America’s return to human spaceflight

DM2 mission patch If you know me (and even if you don’t) it’s pretty obvious that I like rocket launches, which is why today, 27th May, 2020 is an exciting day. If the weather cooperates, we’ll see the first commercial crew flight – with astronauts on board – to the International Space Station (ISS), and it’s launching at 4.33pm EDT (9.33pm BST).

What’s so special about that – astronauts go to space all the time don’t they?

Apart from the fact that rocket launches are cool, there are several elements of this mission that mean it’s a big deal for the space community – especially those in the USA. For the last nine years, every astronaut and cosmonaut to have flown to the ISS has flown on a Russian Soyuz rocket, launching from Kazakhstan (roughly every three months). Soyuz has been the only human-rated vehicle capable of reaching, and docking with, the space station – meaning if anything ever stopped Soyuz flying (as happened in November 2018) it could mean serious problems  (including, potentially, an early end to the ISS programme).

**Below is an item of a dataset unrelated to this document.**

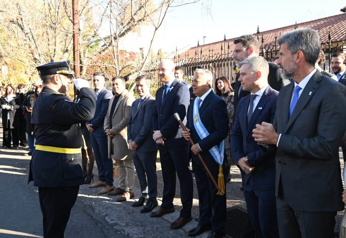 La jornada comenzó con el Toque de Diana de Gloria, ejecutado por la Banda de Música de la Policía de Mendoza, y el saludo formal del Gobernador a la agrupación de Seguridad para, posteriormente, entonar en común el Himno Nacional, evocando el grito de libertad de 1810.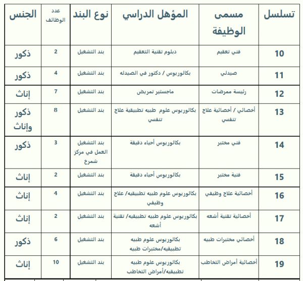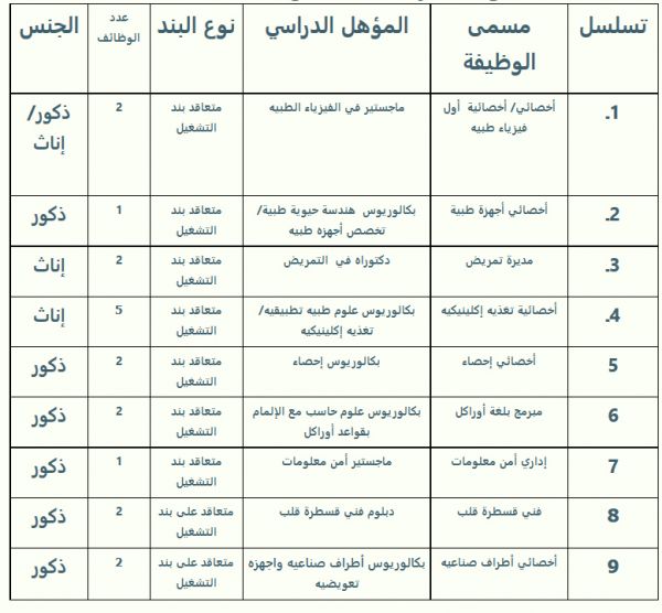 تعلن إدارة مستشفيات القوات المسلحة بمنطقة الطائف عن حاجتها لشغل الوظائف الموضحة أدناه وفق

Today’s Demo Mission 2 (DM-2) launch also includes a number of “firsts”:

  • This will be the first time since the space shuttle programme ended, that the US has launched astronauts to the ISS, on a US rocket, from US soil – and that was nine years ago, in 2011. Many in the US have been waiting for this moment for a long time, and felt the gap in US human launch capability, was too long. (In fact in December 2010 I placed a bet with a friend of mine about when the US would next send it’s own astronauts into space post-Shuttle programme… happily/sadly I won!)


  • This will also be the first time that the SpaceX Falcon 9 and the Crew Dragon capsule will be used to launch humans into space. We know that space is hard, and with human lives at stake, there is very little room for error. Of course the rocket and the capsule have both gone through significant testing programmes and wouldn’t be allowed to fly without NASA sign-off, but any launch carries a risk, and this has never been done before. Now as much as you might imagine astronauts to be super-human, they are just people, highly trained people, sitting on top of a lot of rocket fuel.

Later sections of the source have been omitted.